• What is needed
Everything from the line containing "6月4日,主题活动迎来了一个" through the final line of the entries, both included, should be copied exactly and with nothing else; please skip pictures.

● ● ● ● ●

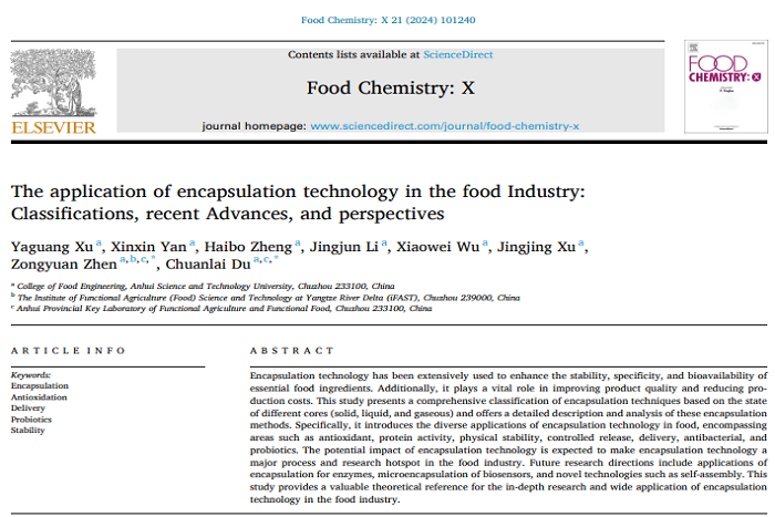 近期,我校食品工程学院动物源食品精深加工与营养团队在中科院农林科学领域一区期刊Food Chemistry: X(IF=6.10)在线发表题为“The Application of Encapsulation Technology in the Food Industry: Classifications, Recent Advances, and Perspectives ”的综述论文。食品工程学院2021级食品加工与安全领域硕士研究生徐亚光为第一作者,杜传来教授和甄宗圆副教授为通讯作者,博业体育(中国)官方网站-登录入口为第一完成单位。
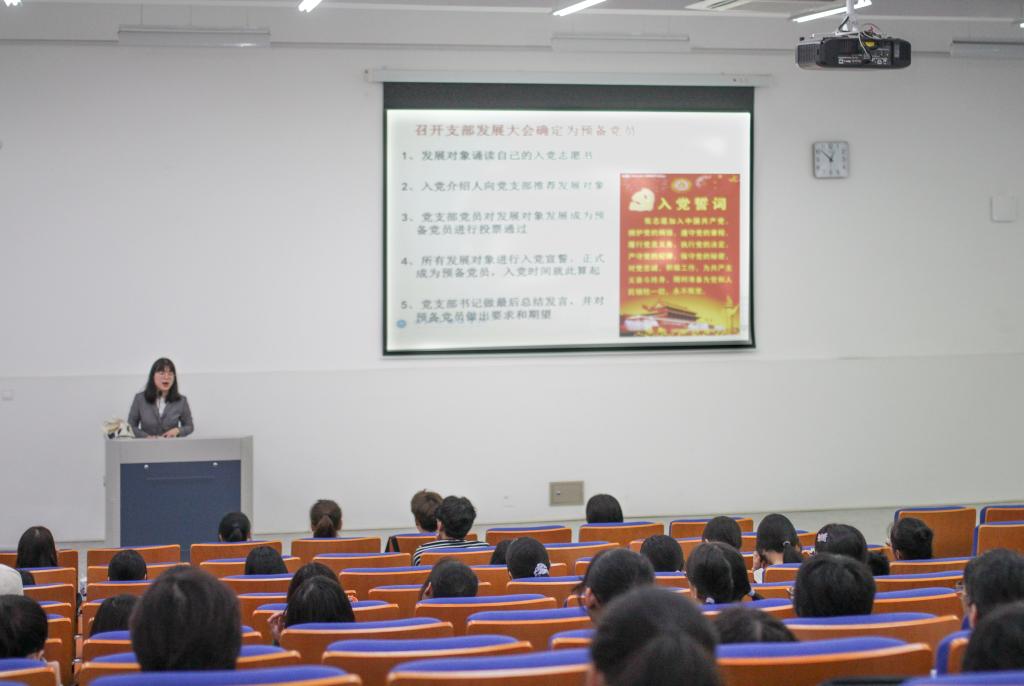 大会上,吴老师耐心细致地为新生介绍了大学生的入党条件及要求。从递交入党申请书、被团组织推优成为入党积极分子到成为发展对象,再到参加发展对象培训班、进入预备党员。要成为一名真正的党员需要经过重重选拔,并且不断磨砺、提升自我,才有机会做中国特色社会主义事业的可靠接班人。
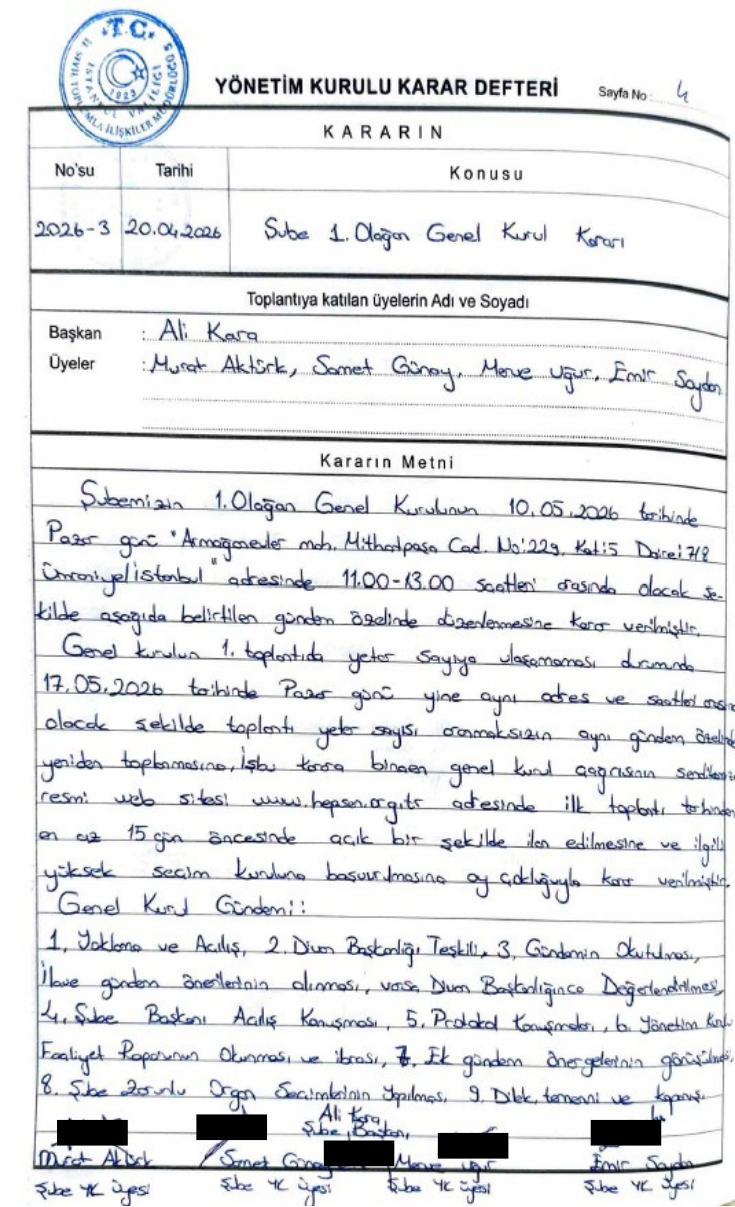 Sendikamız Hep-Sen Sevgi Oktay Şubesi 1. Olağan Genel Kurulu, Şube Yönetim Kurulu kararı doğrultusunda aşağıda belirtilen tarih, saat ve adreste gerçekleştirilecektir:
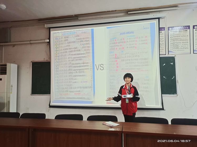 6月4日,主题活动迎来了一个新的高潮,年级组“21天时间管理经验分享会”如期举行。各班10名代表齐聚综合楼四楼,代表们有序入场,坐姿端正,严守纪律,认真笔记。
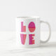 Une tasse moderne, fantaisiste et mignonne de la Saint-Valentin avec une grande typographie d'AMOUR rose vif faite de blocs. C'est un grand cadeau de la Saint Valentin pour une petite amie de femme qui aime la typographie ou le design graphique.
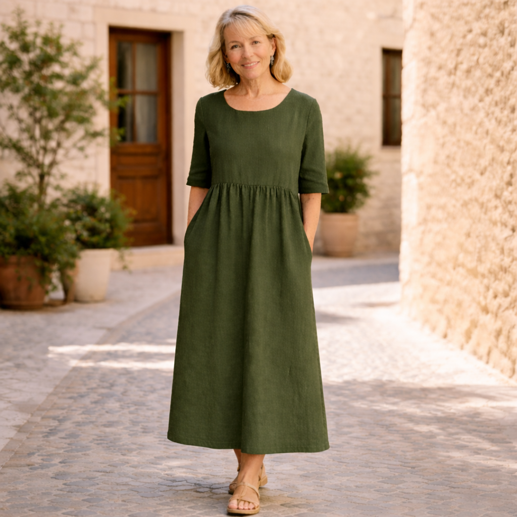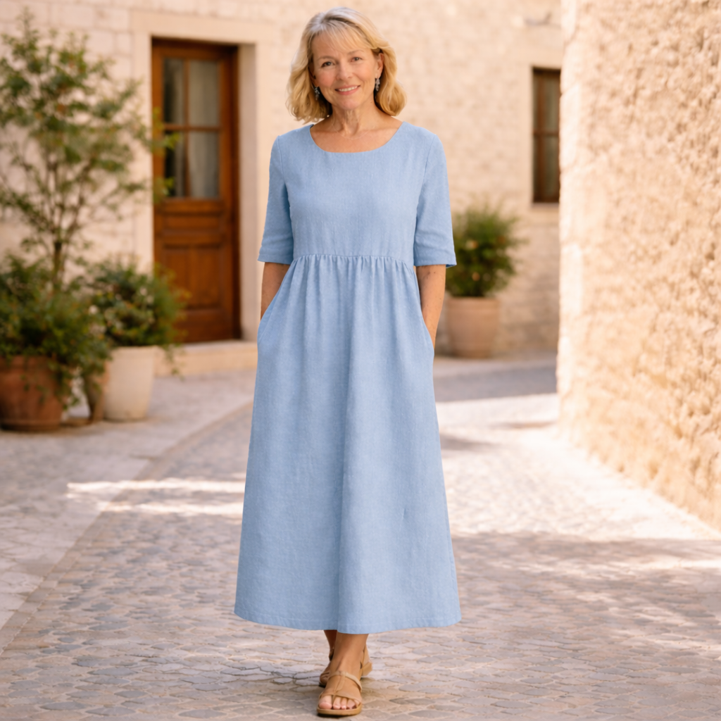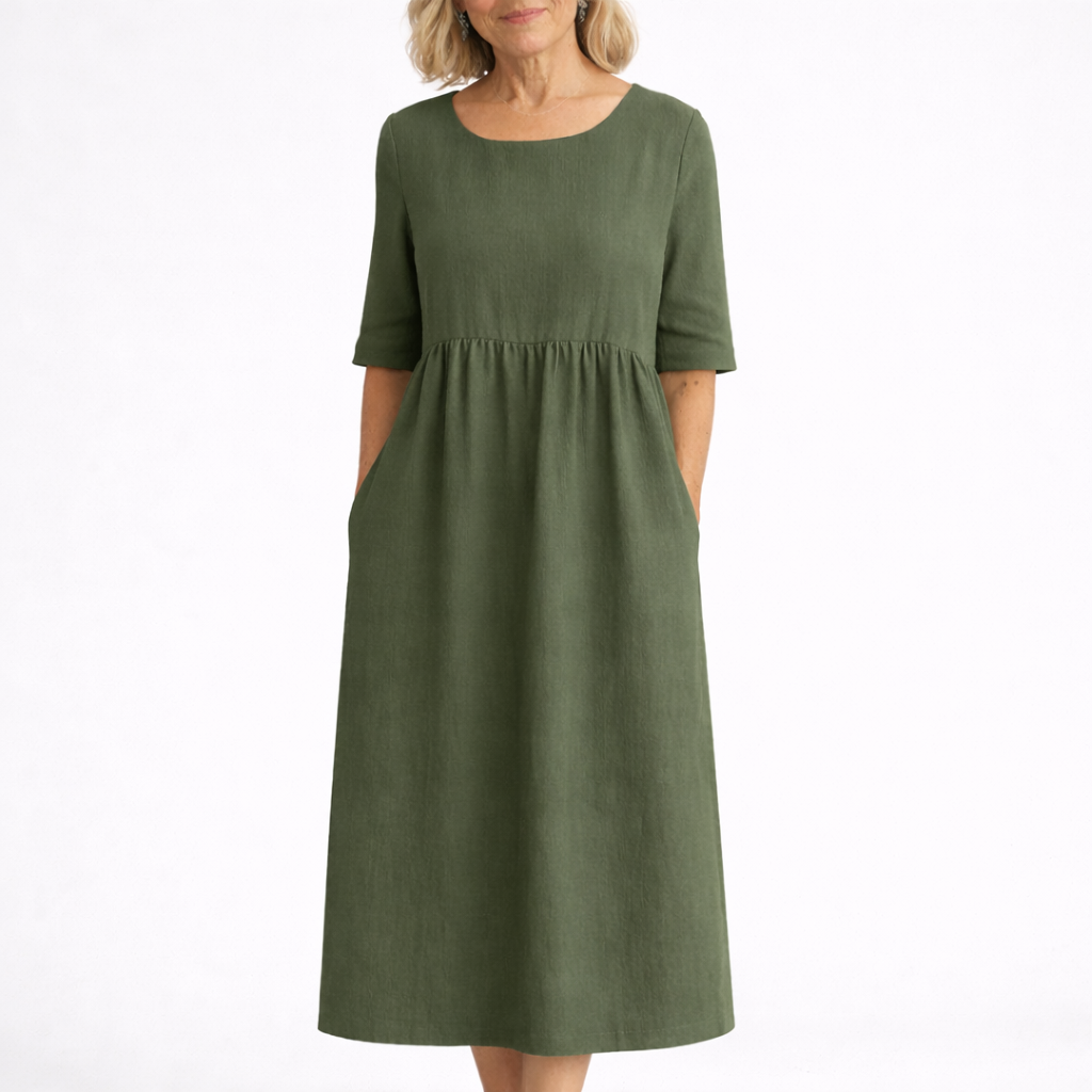 Yvonne är en klänning för kvinnor som vill känna sig bekväma och välklädda varje dag. Den stilrena designen ger ett lugnt och elegant uttryck som passar perfekt både till vardag och somriga tillfällen.
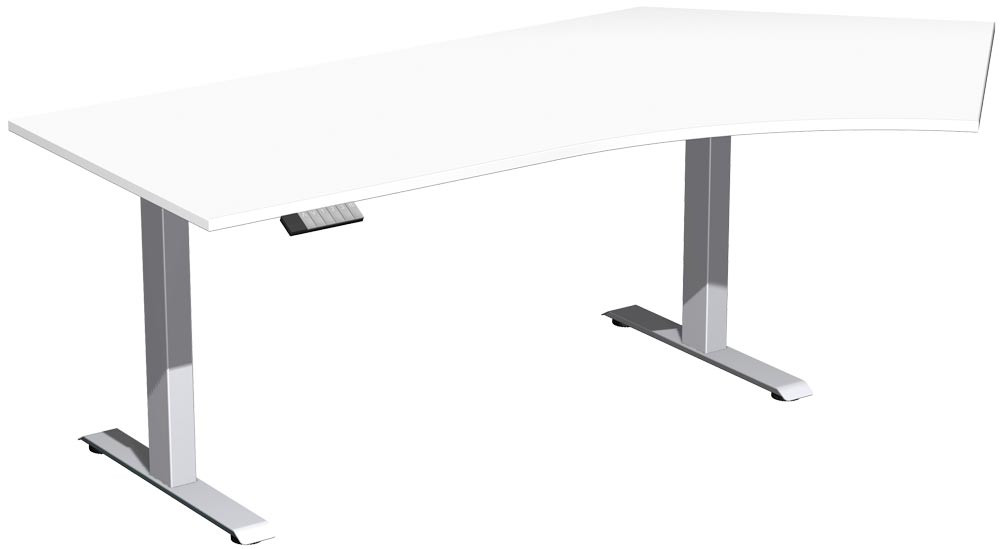 PC-Schreibtisch, elektr. höhenverstellbar, BxTxH 2166x800/1130x630-1280 mm, rechts, Melamin-Platte 25 mm, weiß/silber

● ● ● ● ●

• Expected answer
 6月4日,主题活动迎来了一个新的高潮,年级组“21天时间管理经验分享会”如期举行。各班10名代表齐聚综合楼四楼,代表们有序入场,坐姿端正,严守纪律,认真笔记。
 Une tasse moderne, fantaisiste et mignonne de la Saint-Valentin avec une grande typographie d'AMOUR rose vif faite de blocs. C'est un grand cadeau de la Saint Valentin pour une petite amie de femme qui aime la typographie ou le design graphique.
 Yvonne är en klänning för kvinnor som vill känna sig bekväma och välklädda varje dag. Den stilrena designen ger ett lugnt och elegant uttryck som passar perfekt både till vardag och somriga tillfällen.
 PC-Schreibtisch, elektr. höhenverstellbar, BxTxH 2166x800/1130x630-1280 mm, rechts, Melamin-Platte 25 mm, weiß/silber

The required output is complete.